Once we had the place, our implementation approach was to invest in what already existed. We started with very visible work, using murals to beautify the old roofless buildings in Water Lane and that spread from East Street to Orange Street. We then had to activate the space with monthly events, so we developed the monthly Artwalk festival, building on the National Gallery of Jamaica’s “Last Sundays” event. In order to make sure that entrepreneurs had somewhere to access training, network, and to host their meetings and events, we built a creative hub on the upper floor of a 100-year old building. Slowly but surely, the “destination” emerged over time.
Thousands gather Downtown for the Kingston Creative Artwalk Festival, a free event that showcases the city as a safe place of culture, creativity, and community.

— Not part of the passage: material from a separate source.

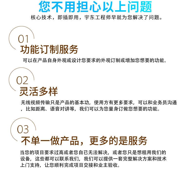 5. 宇東非視距調(diào)制技術(shù),發(fā)射機(jī)輸入具備HDMI以及CVS復(fù)合視音頻接口,各種接口可現(xiàn)場(chǎng)自由切換。
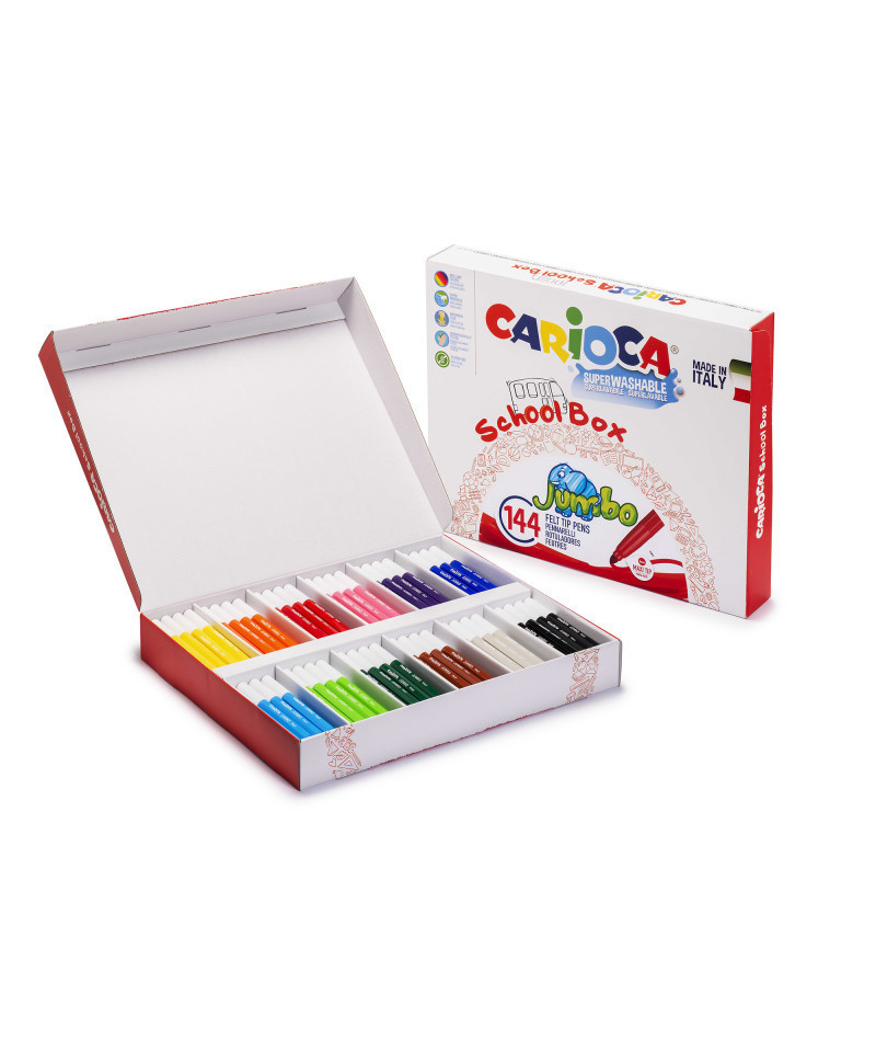 The Carioca Jumbo Maxi Tip Felt Tip Pens School Box – 144 Pieces is a must-have for classrooms, art programs, and group projects. These super washable markers feature a bold 6 mm maxi tip, perfect for vibrant, eye-catching drawings and writing. The maxi octagonal body ensures a comfortable and secure grip, while ventilated caps enhance safety and prevent the markers from drying out. Made in Italy, this class pack of 144 pens delivers consistent, high-quality performance, making it ideal for collaborative lessons and creative classroom activities.

What a Creative Urban Tourism Strategy Actually Requires
Partnership was the most important piece of the strategy, and probably the most time consuming. We had conversations, built trust, and partnered with the government, businesses, foundations and multilaterals. Any individual or organisation willing to invest one million dollars or more in cash or in kind became a First 100 Partner — a Founder of the Creative City, recognised with a permanent plaque in the Art District. The result of this, is what visitors to Kingston now experience through the daily tours and quarterly festivals. The Art District is a cultural tourism experience where culture is not staged for tourists but lived by the people who create it.
This strategy requires patience, partnership and persistence. Taking small steps is not flashy. Results do not show up at the end of a quarter or even a year. What we are building is trust with our partners and creative community. Healthy ecosystems take time to develop. It requires the ability to share credit, because no single organisation can transform a city alone. The First 100 partners that saw and invested in the vision are truly the founders of the creative city and we owe them a debt of thanks.
The Kingston Creative Team in front of the First 100 Donor Wall on Church Street, Downtown Kingston. The Donor wall celebrates the first 100 donors and funders of the Downtown Kingston Arts District.
Visitors flock to Water Lane to experience Kingston’s thriving street art scene firsthand. The murals, created by world-class artists have transformed Downtown Kingston into one of the Caribbean’s most compelling urban destinations.
Redefining What Success Looks Like
It also requires a different way to measure success. It’s not just visitor numbers and revenue, although those are important. Many corporate veterans ask me – So how do you make money? Not understanding that the true measure of our success lies in the young people from the community that feel pride in their neighbourhood and who are less stigmatised by society, community residents who find employment as tour guides, a reduction in crime on a particular street, or the number of visitors that spend with local bars and restaurants, photographs that share with the world visuals that quietly, persistently change how Kingston – and by extension Jamaica – is perceived.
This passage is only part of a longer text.